C'est probablement particulièrement vrai chez les travailleurs âgés, qui ont connu une baisse beaucoup plus marquée de la participation au marché du travail que les adultes dans la force de l'âge :
Bon nombre de ces travailleurs âgés prévoyaient de toute façon de prendre leur retraite assez tôt; maintenant, ils ont appris que la retraite est une meilleure expérience, et que l'argent supplémentaire qu'ils peuvent gagner en travaillant plus longtemps vaut moins en satisfaction de vivre qu'ils ne le pensaient. Ainsi, la pandémie n'a pas seulement fourni une protection de l'industrie naissante au travail à distance; il a également fourni une protection de l'industrie naissante au non-travail parmi certains groupes.

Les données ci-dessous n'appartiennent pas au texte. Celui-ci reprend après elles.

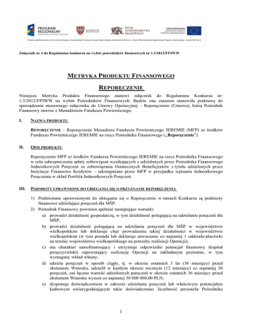 Załącznik nr 4 do Regulaminu konkursu na wybór pośredników finansowych nr 1.3/2012/FPJWW METRYKA PRODUKTU FINANSOWEGO REPORĘCZENIE Niniejsza Metryka Produktu Finansowego stanowi załącznik do Regulaminu Konkursu nr: 1.3/2012/FPJWW na wybór Pośredników Finansowych. Będzie ona zarazem stanowiła podstawę do sporządzenia stosownego załącznika do Umowy Operacyjnej – Reporęczenie (Umowa), którą Pośrednik Finansowy zawrze z Menadżerem Funduszu Powierniczego. I. NAZWA PRODUKTU REPORĘCZENIE – Reporęczenie Menadżera Funduszu Powierniczego JEREMIE (MFP) ze środków Funduszu Powierniczego JEREMIE na rzecz Pośrednika Finansowego („Reporęczenie”). II. OPIS PRODUKTU Reporęczenie MFP ze środków Funduszu Powierniczego JEREMIE na rzecz Pośrednika Finansowego w celu zabezpieczenia spłaty zobowiązań wynikających z udzielonych przez Pośrednika Finansowego Jednostkowych Poręczeń za zobowiązania Ostatecznych Beneficjentów z tytułu udzielonych przez Instytucje Finansowe Kredytów – udostępniane przez MFP w przypadku wpisania Jednostkowego Poręczenia w skład Portfela Jednostkowych Poręczeń. III. PODMIOTY UPRAWNIONE DO UBIEGANIA SIĘ O PRZYZNANIE REPORĘCZENIA 1) Podmiotami uprawnionymi do ubiegania się o Reporęczenie w ramach Konkursu są podmioty finansowe udzielające poręczeń dla MŚP. 2) Pośrednik Finansowy powinien spełniać następujące warunki: a) prowadzi działalność gospodarczą, w tym działalność polegającą na udzielaniu poręczeń dla MŚP; b) prowadzi działalność polegającą na udzielaniu poręczeń dla MŚP w województwie wielkopolskim lub deklaruje chęć prowadzenia takiej działalności w województwie wielkopolskim (w tym posiada lub deklaruje utworzenie co najmniej 1 oddziału/placówki na terenie województwa wielkopolskiego na potrzeby realizacji Operacji); c) ma charakter samofinansujący i utrzymuje odpowiedni potencjał finansowy (kapitał poręczycielski) zapewniający realizację Operacji na zakładanym poziomie, w tym wymagany wkład własny; d) udziela poręczeń w sposób ciągły, tj. w okresie ostatnich 3 lat (36 miesięcy) przed złożeniem Wniosku, udzielił w każdym okresie rocznym (12 miesięcy) co najmniej 30 poręczeń, zaś łączna wartość udzielonych poręczeń w okresie ostatnich 36 miesięcy przed złożeniem Wniosku wynosi co najmniej 30 000 000,00 PLN; e) dysponuje doświadczeniem w zakresie udzielania poręczeń lub właściwym potencjałem kadrowym uwiarygodniającym takie doświadczenie; liczebność personelu Pośrednika 1 Finansowego powinna być dostosowana do zamierzonej skali realizowanej Operacji oraz potencjału finansowego Pośrednika Finansowego; f) zarządza kapitałem z uwzględnieniem bezpieczeństwa lokat/inwestycji kapitałowych, tj. przechowuje wolne środki na rachunkach bankowych lub lokuje je na lokatach bankowych lub inwestuje je w papiery wartościowe emitowane przez Skarb Państwa, lub jednostki samorządu terytorialnego, bądź inwestuje je w jednostki uczestnictwa funduszy rynku pieniężnego g) posiada wdrożony standard organizacyjny oraz standard świadczenia usług poręczeniowych, w tym działa na podstawie regulaminu działalności poręczeniowej; h) posiada regulamin lub określone zasady tworzenia rezerw, w tym na ryzyko ogólne i celowe; i) prowadzi ewidencję udzielonych poręczeń, umożliwiającą sporządzenie okresowych (miesięcznych, kwartalnych i rocznych) raportów o aktualnej wartości poręczeń, a także o poręczeniach wypłaconych na rzecz Instytucji Finansowej oraz o należnościach dochodzonych przez niego w związku z wypłaconymi poręczeniami; j) przyjął akceptowane w sektorze finansowym metody oceny ryzyka, które umożliwiają przyporządkowanie właściwych stawek przedsiębiorcom (zgodnie z Obwieszczeniem Komisji w sprawie zastosowania art. 87 i 88 Traktatu WE do pomocy państwa w formie gwarancji – Dz. Urz. UE C 155 z 20.6.2008r.). 3) Ponadto Pośrednik Finansowy nie jest podmiotem, który: a) podlega wykluczeniu z ubiegania się o otrzymanie środków na podstawie art. 207 ustawy z dnia 27 sierpnia 2009 r. o finansach publicznych (Dz. U. z 2009 r., nr 157, poz. 1240 z późn. zm.) tj. o Reporęczenie nie może ubiegać się podmiot, na którym ciąży obowiązek zwrotu środków publicznych; b) pozostaje w toku likwidacji, postępowania upadłościowego, naprawczego lub pod zarządem komisarycznym; c) zakłada udzielenie pomocy przedsiębiorstwom zagrożonym w rozumieniu pkt 9-11 komunikatu Komisji w sprawie wytycznych wspólnotowych dotyczących pomocy państwa w celu ratowania i restrukturyzacji zagrożonych przedsiębiorstw (Dz. Urz. UE C 244 z 1.10.2004 r.) lub przedsiębiorstwom wykluczonym stosownie do Rozporządzenia Komisji (WE) nr 1998/2006 z dnia 15 grudnia 2006 r. w sprawie stosowania art. 87 i 88 Traktatu do pomocy de minimis, a także; d) na którym ciąży obowiązek zwrotu pomocy, wynikający z decyzji Komisji Europejskiej uznającej pomoc za niezgodną z prawem oraz ze wspólnym rynkiem. IV. PODSTAWOWE PARAMETRY PRODUKTU 1) Całkowita wysokość środków przeznaczona w ramach ogłoszonego Konkursu na produkt Reporęczenie wynosi 120 000 000,00 PLN. 2) Limit środków przyznanych pojedynczemu Pośrednikowi Finansowemu w ramach ogłoszonego Konkursu wynosi 40 000 000,00 PLN (Limit Reporęczenia). 3) MFP zastrzega prawo do zmiany wysokości kwot wskazanych powyżej w pkt 1-2, w przypadku gdy postępowanie konkursowe uzasadni taką decyzję. 4) MFP obejmie Reporęczeniem zobowiązania Pośrednika Finansowego wynikające z udzielonych przez niego Jednostkowych Poręczeń dla Instytucji Finansowych z tytułu udzielonych Ostatecznym Beneficjentom Kredytów, wpisywanych do Portfela Jednostkowych Poręczeń, w ramach Limitu Reporęczenia, do łącznej wartości określonej w Umowie, nie wyższej niż wskazana w pkt 2, z zastrzeżeniem pkt. X.4 niniejszej Metryki; 5) Jednostkowe Poręczenie jest obejmowane Reporęczeniem M

Et tout cela est OK ! Le but de l'économie n'est pas de maximiser le PIB ; c'est pour rendre nos vies meilleures. Le temps gagné et l'aggravation évitée lorsque les gens télétravaillent plutôt que de lutter contre la circulation pour se rendre au bureau et en revenir ne sont pas comptabilisés dans le PIB, mais cela représente un réel gain. Et bien que la satisfaction de vie accrue que certaines personnes obtiennent en prenant leur retraite tôt et en passant plus de temps à la maison se fasse en réalité au détriment du PIB, cela rend la nation plus riche dans ce qui compte.
Ainsi, l'économie post-Covid-19 sera différente de ce que nous avions auparavant : il y aura probablement une surabondance d'espaces de bureaux et l'emploi total sera probablement un peu plus bas – Goldman Sachs estime d'environ un million – qu'il ne l'aurait été. sinon, en raison de la retraite anticipée. Mais ces changements seront, dans l'ensemble, de bonnes choses : la pandémie a été mortelle et coûteuse, mais une petite compensation est qu'elle nous a donné une chance de penser, de travailler et de vivre différemment.